What the exercise asks. In the records below, find the line with "4 Hassan swims", then copy each line exactly until you have copied the line with "1/2 kg aripioare". Leave any picture out.

Source data.
=== Section Start ===
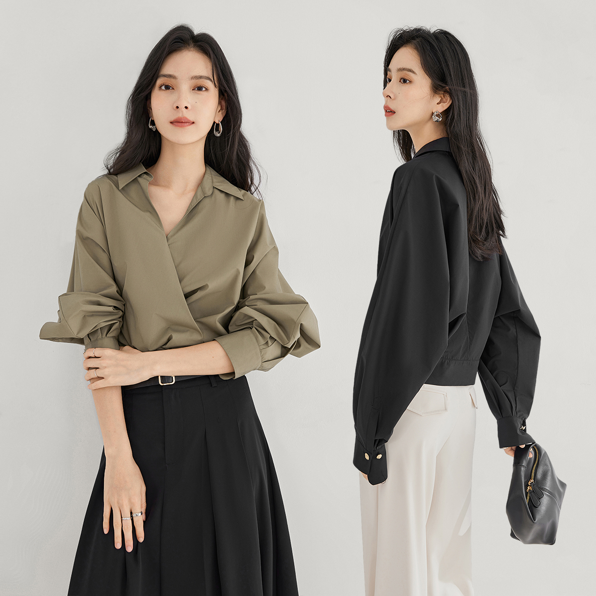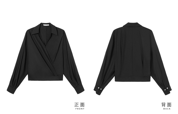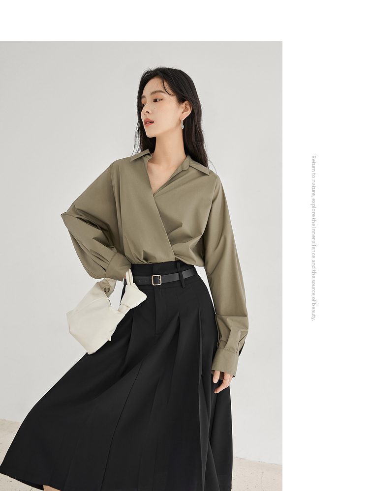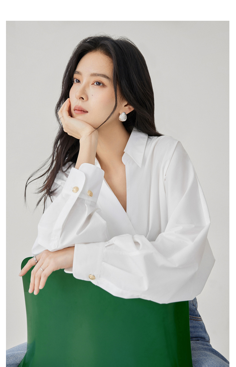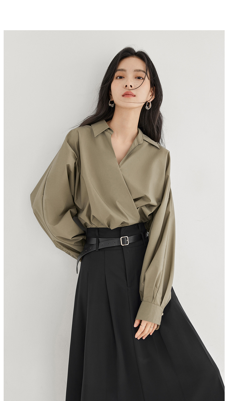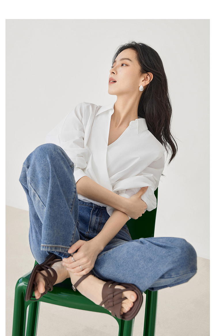 對白法式V領設計感襯衫女2023秋裝新款襯衣氣質簡約別致通勤上衣
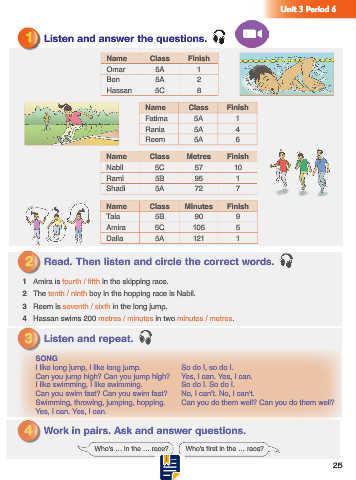 4 Hassan swims 200 metres / minutes in two minutes / metres.
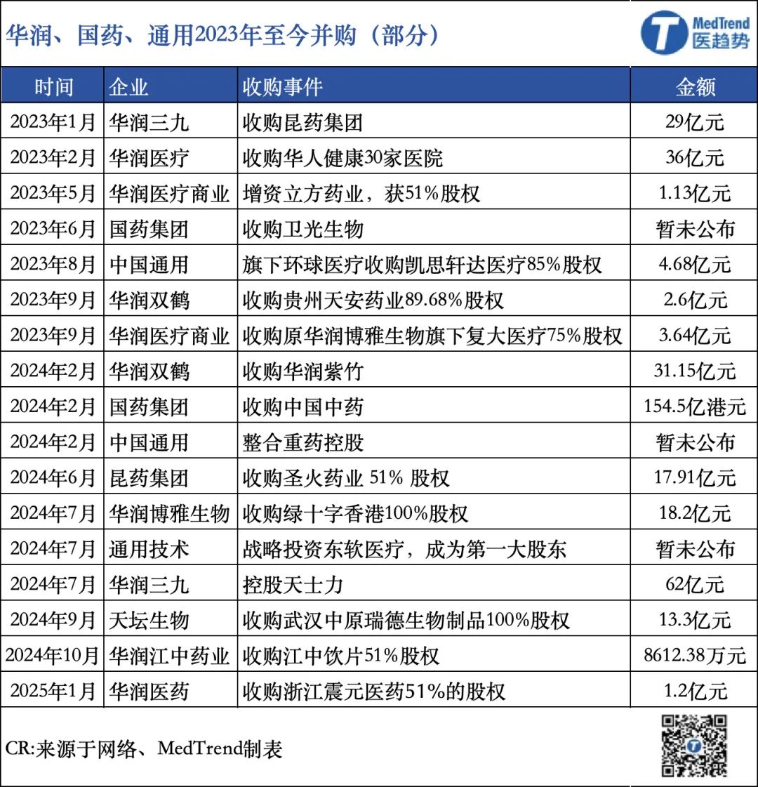 不仅如此,2025年1月,国药集团召开2025年度工作会暨二届一次职代会,党委书记、董事长白忠泉强调了2025年国药集团的总体工作要求,包括“要加强并购整合”。
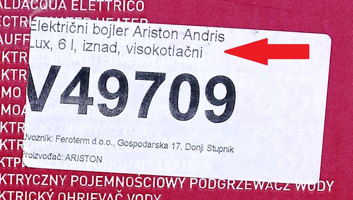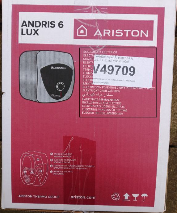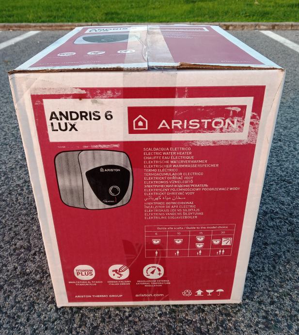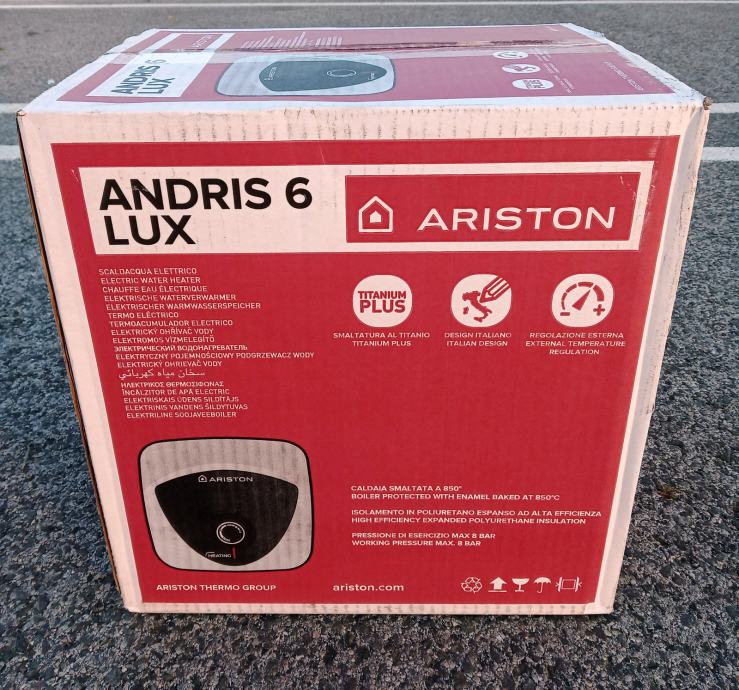 - električni bojler Ariston Andris Lux, 6 litara, iznad, visokotlačni, 1500 W, novo
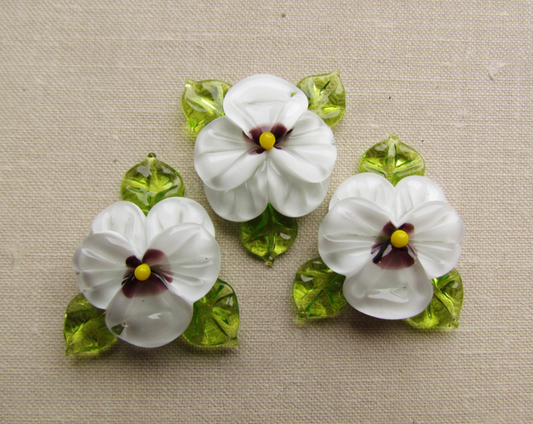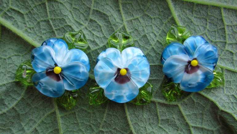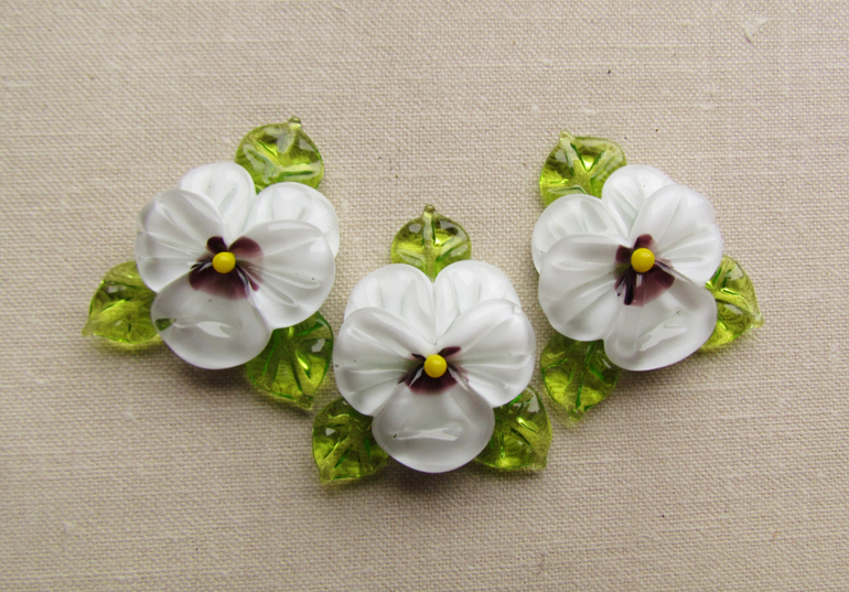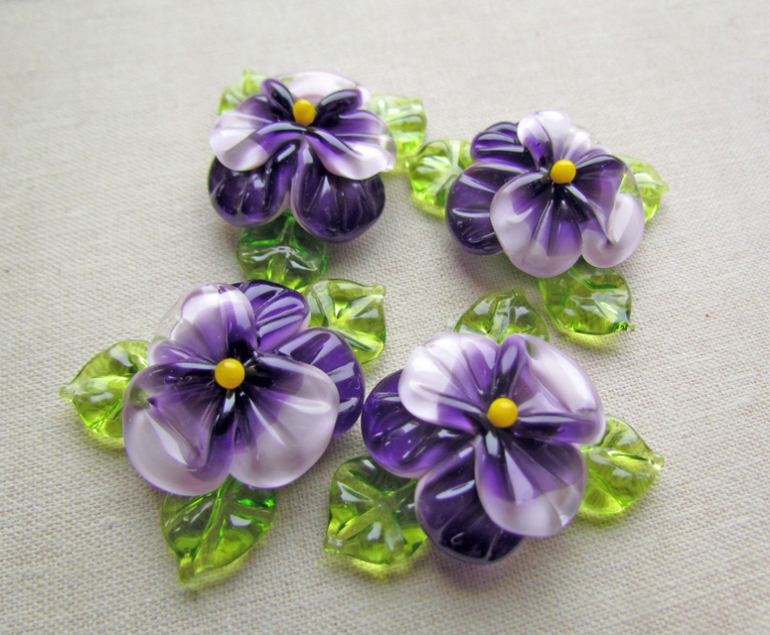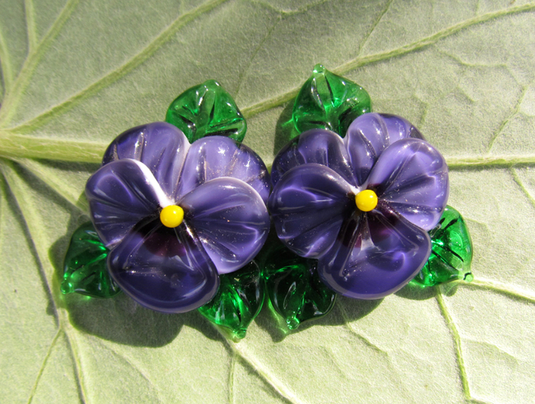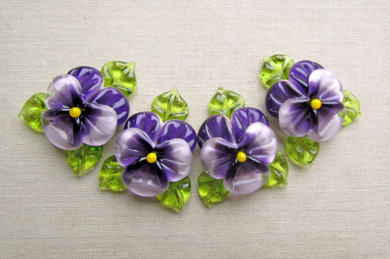 Стеклянные анютины глазки - авторские бусины лэмпворк для создания украшений
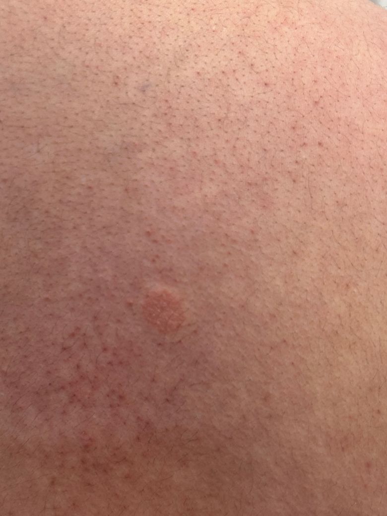 또한, 가려움증이 없다고 하셨는데, 가려움이 없다면 감염성 질환은 아닐 가능성이 높습니다. 하지만 만약 이 반점이 점점 커지거나, 변색되거나, 다른 증상(붓기, 통증 등)이 동반되면 피부과를 방문하여 정확한 진단을 받는 것이 좋습니다. 피부염의 한 종류인 접촉성 피부염이나 약간의 자극에 의한 염증일 수 있지만, 자주 발생하거나 상태가 나아지지 않으면 정식 진료 받는 것이 중요합니다
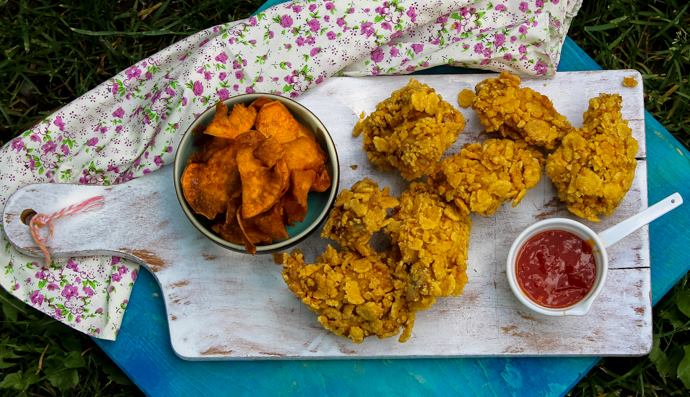 1/2 kg aripioare de pui, 100 g cornflakes (natur), 2 ouă, sare, piper, ulei pentru prăjit, 2 linguri făină, chili cayenne, boia, 1/2 cartofi dulci, sos dulce chili
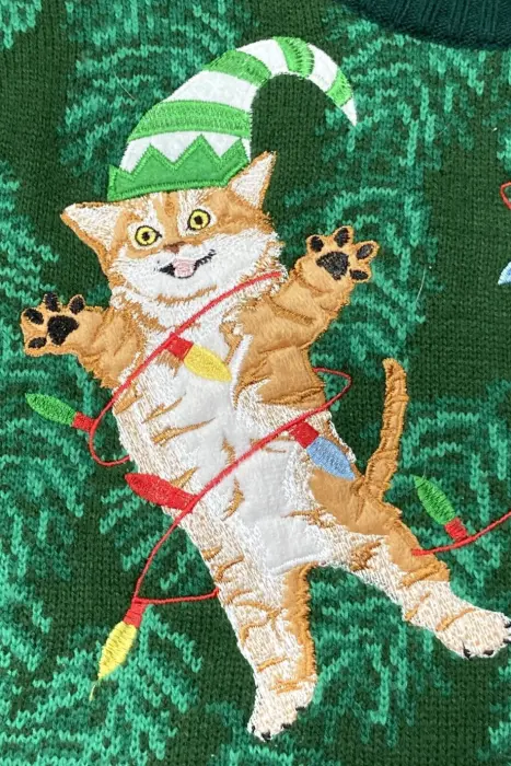 Sueter navideno gatos enrededados. Serás el alma de la fie de día fevo con estos diseños festivos y humorísticos seleccior por Blizzard Bay que son perfectos la temporada.Comodidad y ajuste: estos suéteres festivos de manga larga con cuello redondo para hombre están hechos de 100% acrílico exclusivo de decoración, suave y cómodo para un ajuste fácil mientras se usa
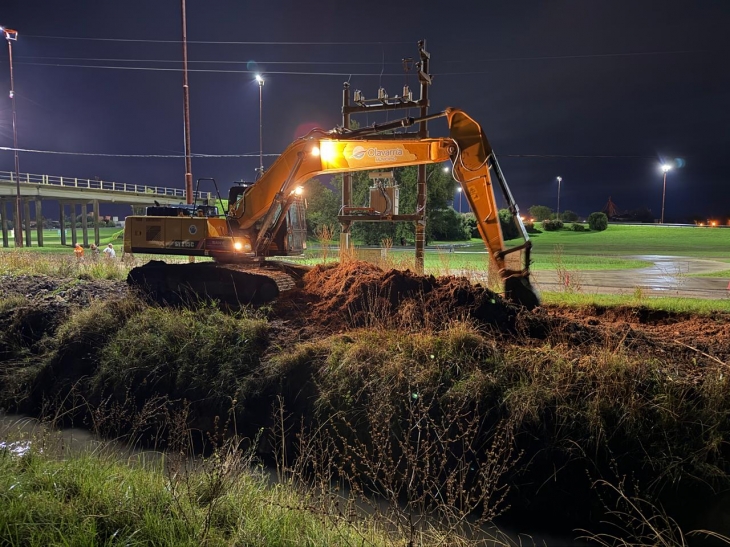 En horas de la madrugada, con la presencia del intendente Maximiliano Wesner y la coordinación del secretario de obras públicas Orfel Fariña, se realizaron en el barrio Eucaliptus nuevas tareas sobre canales aliviadores mediante la utilización de una retroexcavadora.
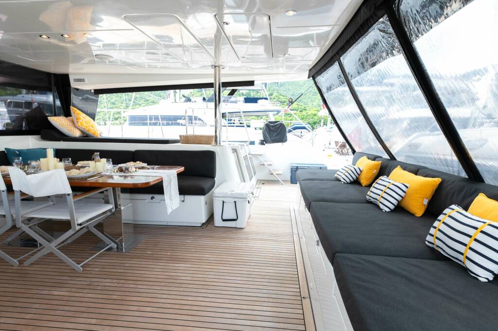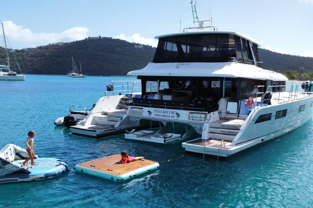 Luxus - Katamaran PHILOTIMO, Baujahr 2018 liegt in Caribbean Windwards, Caribbean Virgin Islands (BVI) vor Anker. Sie hat 3 Kabinen, bietet Platz für 6 Personen.
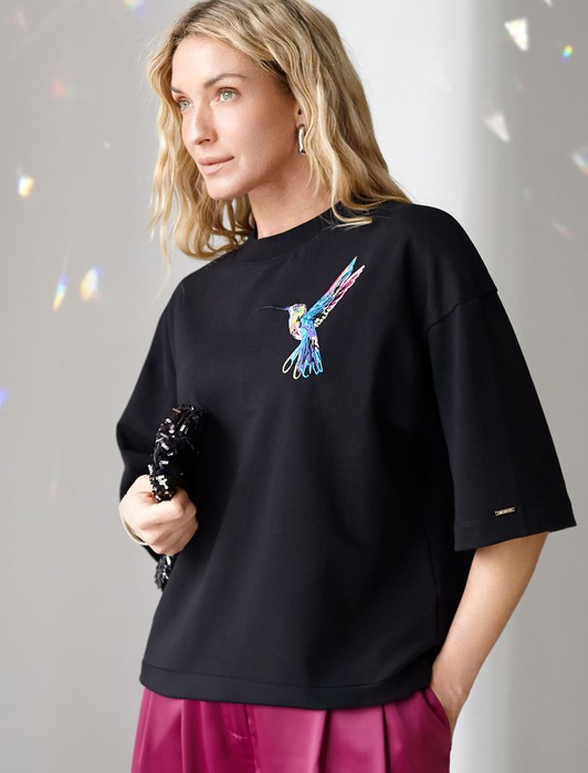 Состав: 95%Хлопок 5%ПУ Параметры модели на первом фото: Рост 170, бюст 89, талия 63, бедра 92Футболка выполнена из эластичного футера двухнитки, дополнена акцентной вышивкой на груди. Модель свободного кроя, по низу изделия дополнена хлопковым шнуром с металлической фурнитурой. Изделие сочетается в костюме с шортами D48.010, брюками D44.135 и D44.137
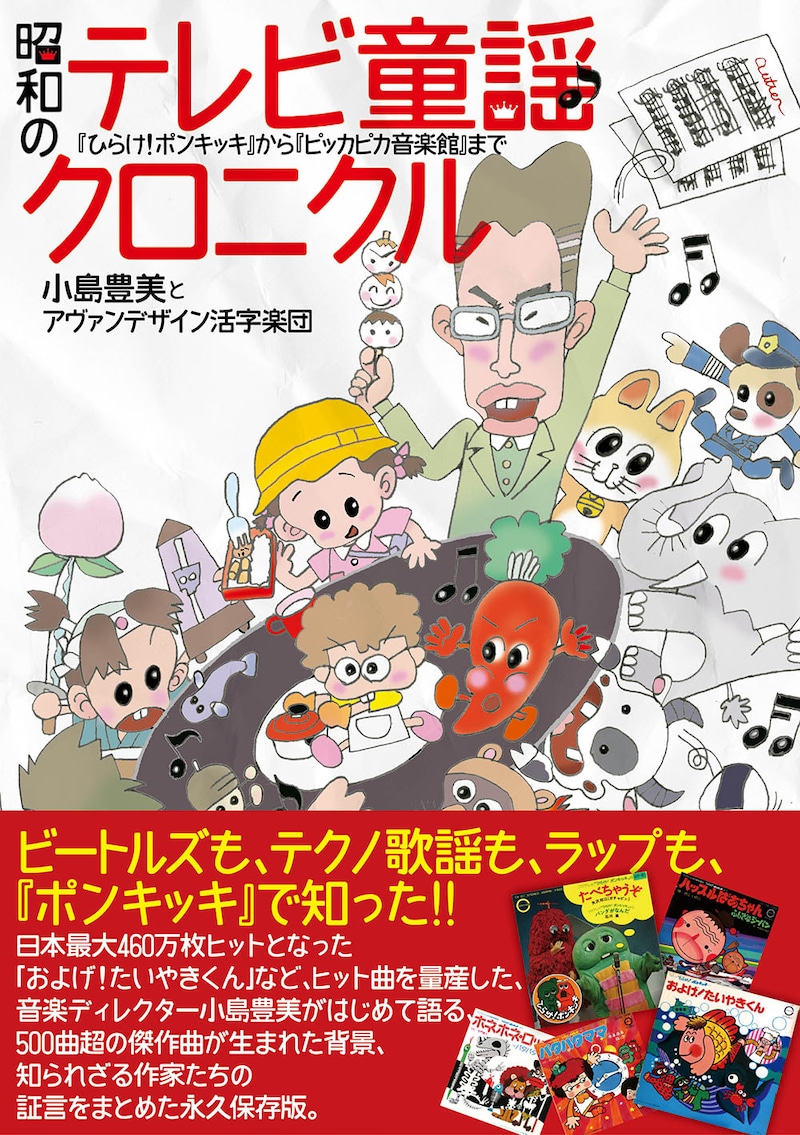 この本は「ひらけ!ポンキッキ」の楽曲制作や「ピッカピカ音楽館」の音楽プロデュースを手がけ、“テレビ童謡”からヒット曲を量産した元ポニーキャニオンの学芸担当ディレクター・小島豊美に、そのキャリアについてインタビューしたもの。日本最大のヒット曲「およげ!たいやきくん」や、「山口さんちのツトム君」「ホネホネ・ロック」「パタパタママ」など500曲以上が生まれた舞台裏を、小島へのインタビューと膨大な資料、そして証言者のコメントからあぶり出していく。日本の音楽史においてこれまでほとんど語られてこなかった“テレビ童謡”の裏側が、約400ページのボリュームでまとめられている。
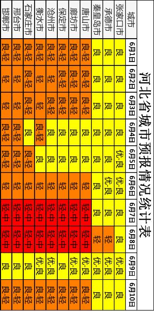 经河北省生态环境应急与重污染天气预警中心与中国环境监测总站、省气象灾害防御和环境气象中心联合会商,对2024年6月上旬(1日~10日)的空气质量进行预测,预计6日~8日,我省地面受南风影响,温度回升,中南部最高气温达35℃左右,可能出现O3轻至中度污染过程。
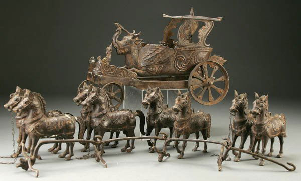 Large Porcelain Figural Carriage Lamp on Metal Base7 days LeftModel of 2-horse hitch with 3-seat dog cartMar 27, 2026BRONZE CUO GOLD AND SILVER CHARIOT FIGURES OF THE QIN DYNASTYFeb 27, 2026A Han Dynasty copper gold and silver horse-drawn carriageMar 07, 202614/15thC Indonesian Hindu Bronze People in Chariot Led By Horses. Wonderful!Mar 05, 202614/15thC/later Indonesia or Java Bronze Cart- Buddhist/HinduMar 05, 2026A Han Dynasty copper cuo gold and silver horse-drawn carriageMar 07, 2026A piece of Han Dynasty bronze - horse-drawn cartMar 07, 2026Chinese Four Horses and CarriageFeb 28, 2026Vintage Boho Brass Caravan Temple Toys Pair with Moveable WheelsMar 01, 2026An Exquisite Gilt Bronze Dragon and Phoenix Pattern CarriageMar 07, 2026Pre-Ming Dynasty Set of Gilt Bronze and Jade Inlaid Camel CartFeb 28, 2026An Exquisite Bronze Inlaid Gold Chi-Dragon Pattern With Inscription Ox cart OrnamentMar 04, 2026An Exquisite Gilt Bronze Inlaid Gems Dragon and Phoenix Pattern Carriage OrnamentFeb 27, 2026A set of pure copper from the Tang Dynasty is handmade with gilt gold horse-drawn carriagesMar 07, 2026A BRASS HORSE AND RIDER TEMPLE TOY, INDIA, 19TH CENTURYMar 06, 2026
=== Section End ===
Task solution.
 4 Hassan swims 200 metres / minutes in two minutes / metres.
 不仅如此,2025年1月,国药集团召开2025年度工作会暨二届一次职代会,党委书记、董事长白忠泉强调了2025年国药集团的总体工作要求,包括“要加强并购整合”。
 - električni bojler Ariston Andris Lux, 6 litara, iznad, visokotlačni, 1500 W, novo
 Стеклянные анютины глазки - авторские бусины лэмпворк для создания украшений
 또한, 가려움증이 없다고 하셨는데, 가려움이 없다면 감염성 질환은 아닐 가능성이 높습니다. 하지만 만약 이 반점이 점점 커지거나, 변색되거나, 다른 증상(붓기, 통증 등)이 동반되면 피부과를 방문하여 정확한 진단을 받는 것이 좋습니다. 피부염의 한 종류인 접촉성 피부염이나 약간의 자극에 의한 염증일 수 있지만, 자주 발생하거나 상태가 나아지지 않으면 정식 진료 받는 것이 중요합니다
 1/2 kg aripioare de pui, 100 g cornflakes (natur), 2 ouă, sare, piper, ulei pentru prăjit, 2 linguri făină, chili cayenne, boia, 1/2 cartofi dulci, sos dulce chili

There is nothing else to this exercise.